**AIM OF THE EXERCISE:** A faithful copy of each record is required, minus the images.

**Stored records:**
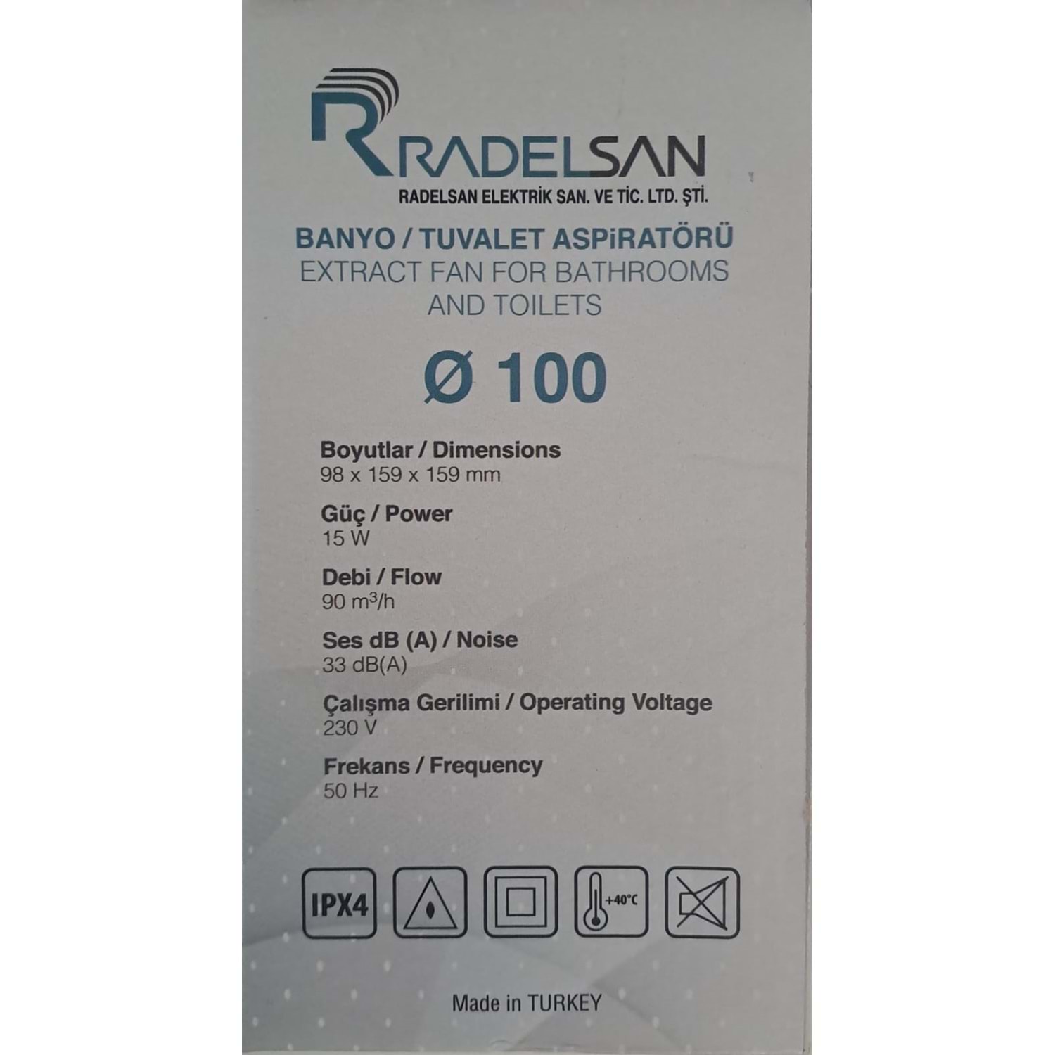 RADELSAN HAVALANDIRMA FANI / BANYO VE TUVALET ASPİRATÖRÜ 100 LÜK
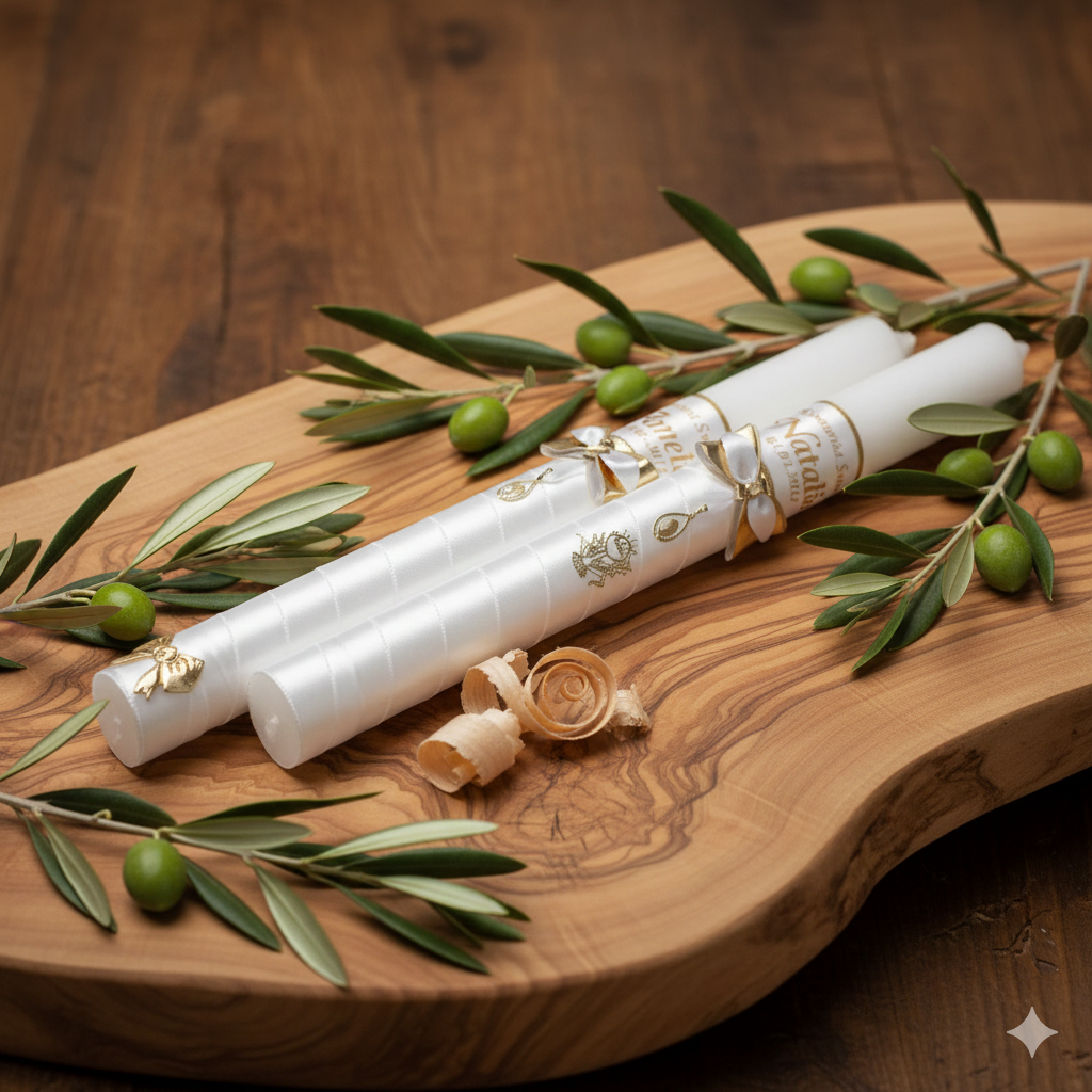 Ekskluzywna świeca imienna z kolekcji AURORA® – Światło i Symbol Wiary, ozdobiona medalikiem z prawdziwego złota pr. 585. Personalizowana imieniem i datą uroczystości, stanowi wyjątkową pamiątkę Chrztu lub Komunii Świętej. Symbol światła, wiary i Bożej opieki w luksusowym wydaniu.
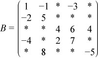 Additionally, you can define submatrices with different pointerB and pointerE arrays that share the same values and columns arrays of a CSR matrix. For example, you can represent the lower right 3x3 submatrix of B as:
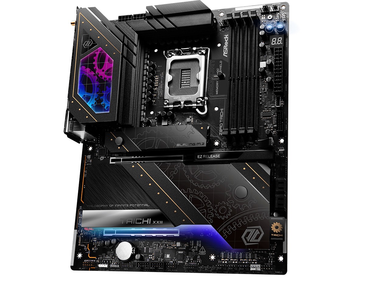 Flagowa płyta główna serii Taichi charakteryzuje się najwyższej klasy specyfikacją sprzętową, solidną konstrukcją zasilania, Thunderbolt 4 Type-C i funkcjonalnością przyjazną dla majsterkowiczów. Została stworzona dla graczy high-end, oferując luksusową estetykę i wysoką wydajność.
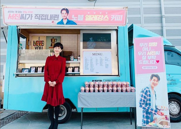 공개된 사진 속 염정아는 정우성이 보낸 커피차 앞에 서서 미소를 짓고 있다. "우리 미향 아니 우리 서진씨 잘 부탁드립니다♥"라는 정우성의 다정한 멘트가 인상적이다.
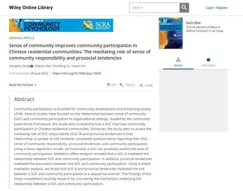 教师邓湘树、魏真瑜等撰写的论文《Sense of community improves community participation in Chinese residential communities: The mediating role of sense of community responsibility and prosocial tendencies》。该文揭示了提升我国居民参与社区治理的心理路径。
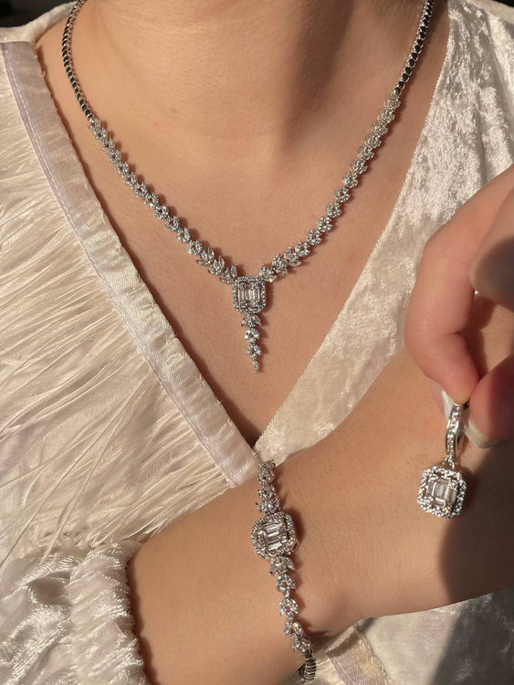 سرویس نقره امرالدکات جواهری زنانه کد 60336
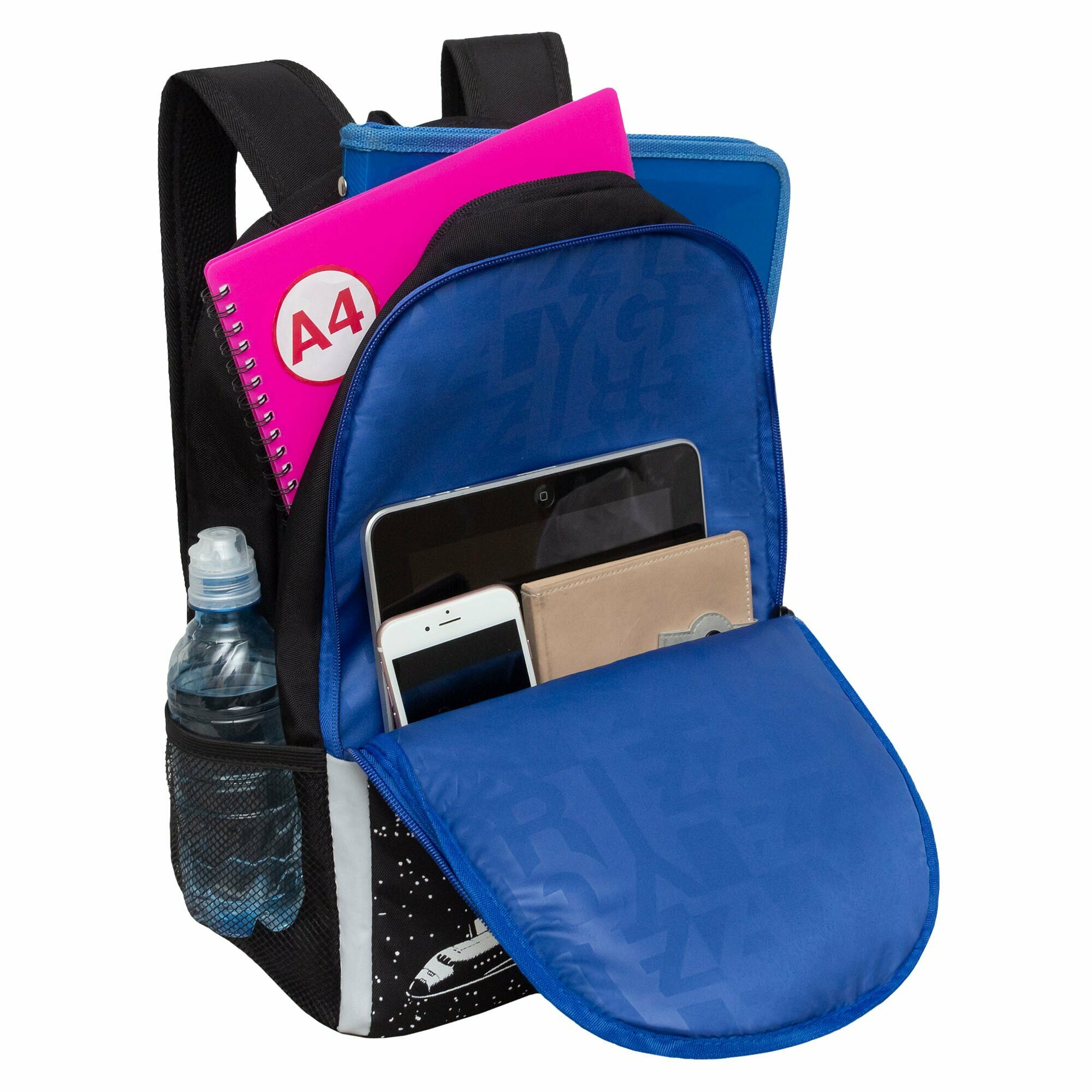 Школьный рюкзак GRIZZLY RB-451-1 черный, 29х38х16

**EXPECTED ANSWER:**
 RADELSAN HAVALANDIRMA FANI / BANYO VE TUVALET ASPİRATÖRÜ 100 LÜK
 Ekskluzywna świeca imienna z kolekcji AURORA® – Światło i Symbol Wiary, ozdobiona medalikiem z prawdziwego złota pr. 585. Personalizowana imieniem i datą uroczystości, stanowi wyjątkową pamiątkę Chrztu lub Komunii Świętej. Symbol światła, wiary i Bożej opieki w luksusowym wydaniu.
 Additionally, you can define submatrices with different pointerB and pointerE arrays that share the same values and columns arrays of a CSR matrix. For example, you can represent the lower right 3x3 submatrix of B as:
 Flagowa płyta główna serii Taichi charakteryzuje się najwyższej klasy specyfikacją sprzętową, solidną konstrukcją zasilania, Thunderbolt 4 Type-C i funkcjonalnością przyjazną dla majsterkowiczów. Została stworzona dla graczy high-end, oferując luksusową estetykę i wysoką wydajność.
 공개된 사진 속 염정아는 정우성이 보낸 커피차 앞에 서서 미소를 짓고 있다. "우리 미향 아니 우리 서진씨 잘 부탁드립니다♥"라는 정우성의 다정한 멘트가 인상적이다.
 教师邓湘树、魏真瑜等撰写的论文《Sense of community improves community participation in Chinese residential communities: The mediating role of sense of community responsibility and prosocial tendencies》。该文揭示了提升我国居民参与社区治理的心理路径。
 سرویس نقره امرالدکات جواهری زنانه کد 60336
 Школьный рюкзак GRIZZLY RB-451-1 черный, 29х38х16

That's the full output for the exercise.